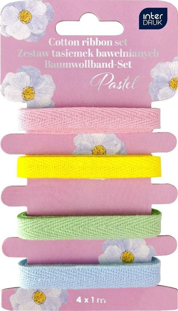 Zestaw tasiemek bawełnianych 4x1m Pastel
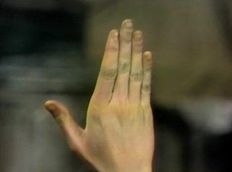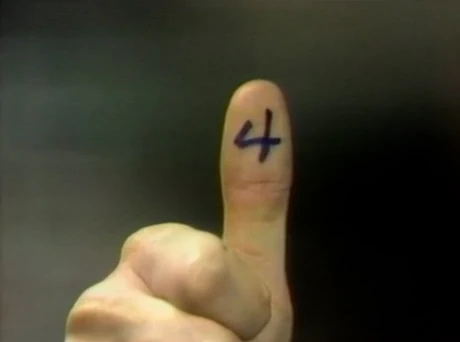 SCENE 6 | A hand appears onscreen as Bob tries to count its four fingers. The thumb keeps inserting itself into the proceedings, eventually revealing a number 4 painted on itself. |
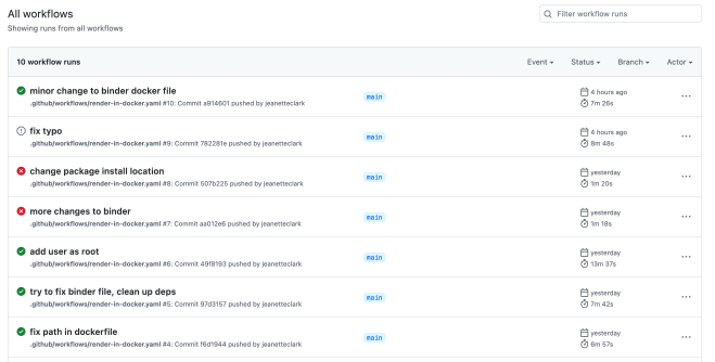 rrtools::use_dockerfile(), the package also sets up GitHub Actions for you. - Actions are processes that are triggered in GitHub events (like a push) and run automatically.
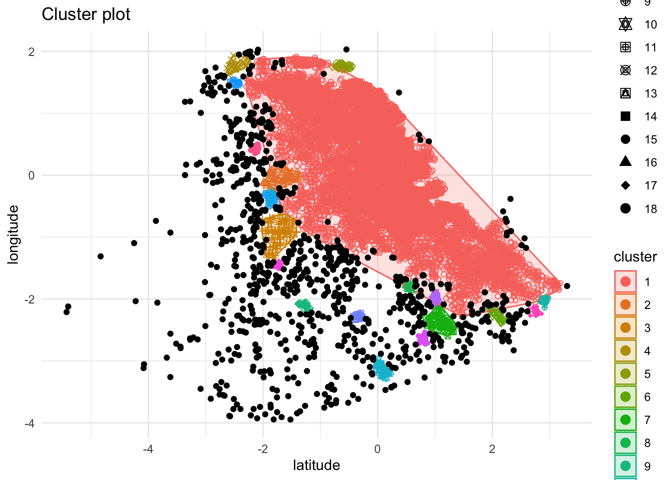 db <- dbscan::dbscan(locs.scaled, eps=0.10, minPts = 10)

§

▸ What you need to do: Apart from the images, print all the material above exactly as given.

▸ Task response:
 Zestaw tasiemek bawełnianych 4x1m Pastel
 SCENE 6 | A hand appears onscreen as Bob tries to count its four fingers. The thumb keeps inserting itself into the proceedings, eventually revealing a number 4 painted on itself. |
 rrtools::use_dockerfile(), the package also sets up GitHub Actions for you. - Actions are processes that are triggered in GitHub events (like a push) and run automatically.
 db <- dbscan::dbscan(locs.scaled, eps=0.10, minPts = 10)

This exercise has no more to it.